**Data below**
== == ==

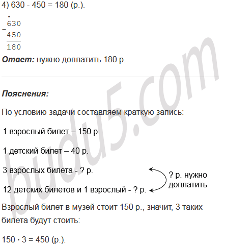 Взрослый билет в музей стоит 150 р., а детский (для школьника) - 40 р. Если вместо 3 взрослых билетов приобрести билеты на дюжину школьников (дюжина - 12) и одного взрослого сопровождающего, то сколько нужно доплатить в кассу?
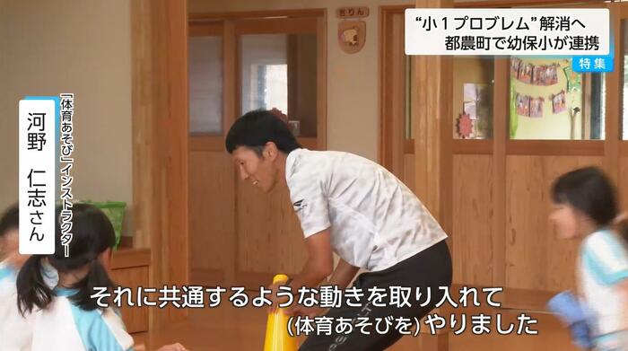 河野さんはこのあと都農町の小学校にも派遣され、体育の授業の一環として同様の「体育あそび」を行う予定だ。
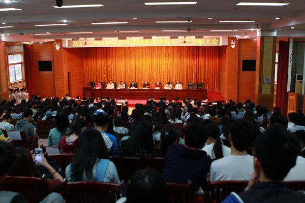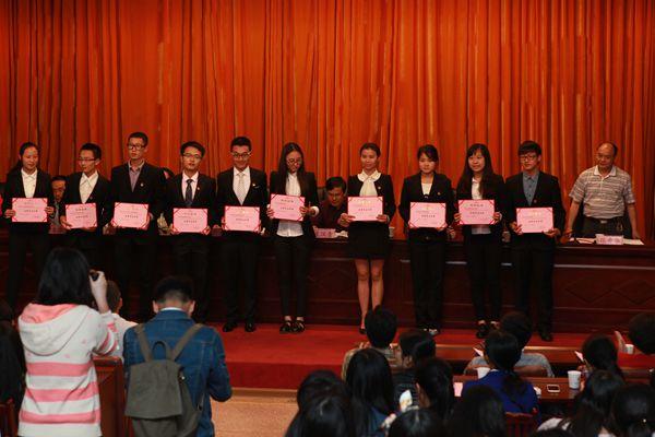 5月4日下午,学校在图书馆多功能报告厅隆重召开了“五·四”表彰大会,学校党委书记王汉青、副校长彭进清出席会议,会议由副校长彭进清主持。 ![]() ![]() 校团委副书记曾晶在会上宣读《湖南商学院2014-2015学年五·四表彰通报》,对2个五·四红旗分团委、2个优秀学生分会、4个青年志愿者服务优秀组织单位、10个优秀学生社团及十佳青年、十佳团支书进行了表彰。 会上,五·四红旗分团委获奖单位代表、计算机与信息工程学院分团委副书记胡潇峰,“十佳青年”获奖者代表、经济与贸易学院学生杨志伟分别作为获奖代表发言,分享了自己的成长经历,畅谈了自己的青春梦想。 学校党委书记王汉青在会上发表讲话,对受到表彰的先进集体和优秀个人表示祝贺,希望全校广大青年学子坚定信仰,牢固树立远大理想,把报效祖国作为自己的最大追求,把奉献社会作为自身价值的最大体现。 王汉青书记希望同学们发扬五四精神,开创更有意义的人生:一是要注重修身,造就真金品质;二是要勤于学习,练就过硬本领;三是要勇于创新,开辟崭新天地;四是要争当表率,成就伟大事业。 党政办、组织部、宣传部、教务处、学工处负责人出席了表彰大会。 (文/巢进文 图/张鹏)
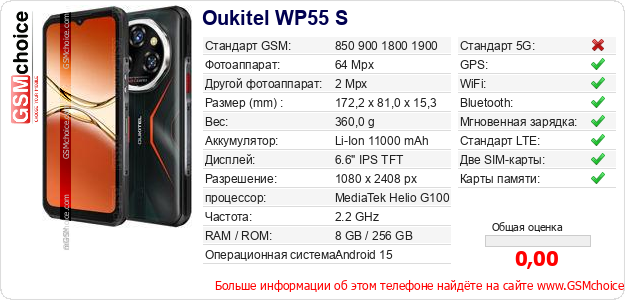 Данные о телефоне Oukitel WP55 S на Вашем сайте

== == ==

**Requirement**
Give back exactly the lines from the one that contains "党政办、组织部、宣传部、教务处、学工处负责人出席了表彰大会。 (文/巢进文 图/张鹏)" to the final line of the data above, both included, with all pictures removed.

**Solved exercise**
 5月4日下午,学校在图书馆多功能报告厅隆重召开了“五·四”表彰大会,学校党委书记王汉青、副校长彭进清出席会议,会议由副校长彭进清主持。 ![]() ![]() 校团委副书记曾晶在会上宣读《湖南商学院2014-2015学年五·四表彰通报》,对2个五·四红旗分团委、2个优秀学生分会、4个青年志愿者服务优秀组织单位、10个优秀学生社团及十佳青年、十佳团支书进行了表彰。 会上,五·四红旗分团委获奖单位代表、计算机与信息工程学院分团委副书记胡潇峰,“十佳青年”获奖者代表、经济与贸易学院学生杨志伟分别作为获奖代表发言,分享了自己的成长经历,畅谈了自己的青春梦想。 学校党委书记王汉青在会上发表讲话,对受到表彰的先进集体和优秀个人表示祝贺,希望全校广大青年学子坚定信仰,牢固树立远大理想,把报效祖国作为自己的最大追求,把奉献社会作为自身价值的最大体现。 王汉青书记希望同学们发扬五四精神,开创更有意义的人生:一是要注重修身,造就真金品质;二是要勤于学习,练就过硬本领;三是要勇于创新,开辟崭新天地;四是要争当表率,成就伟大事业。 党政办、组织部、宣传部、教务处、学工处负责人出席了表彰大会。 (文/巢进文 图/张鹏)
 Данные о телефоне Oukitel WP55 S на Вашем сайте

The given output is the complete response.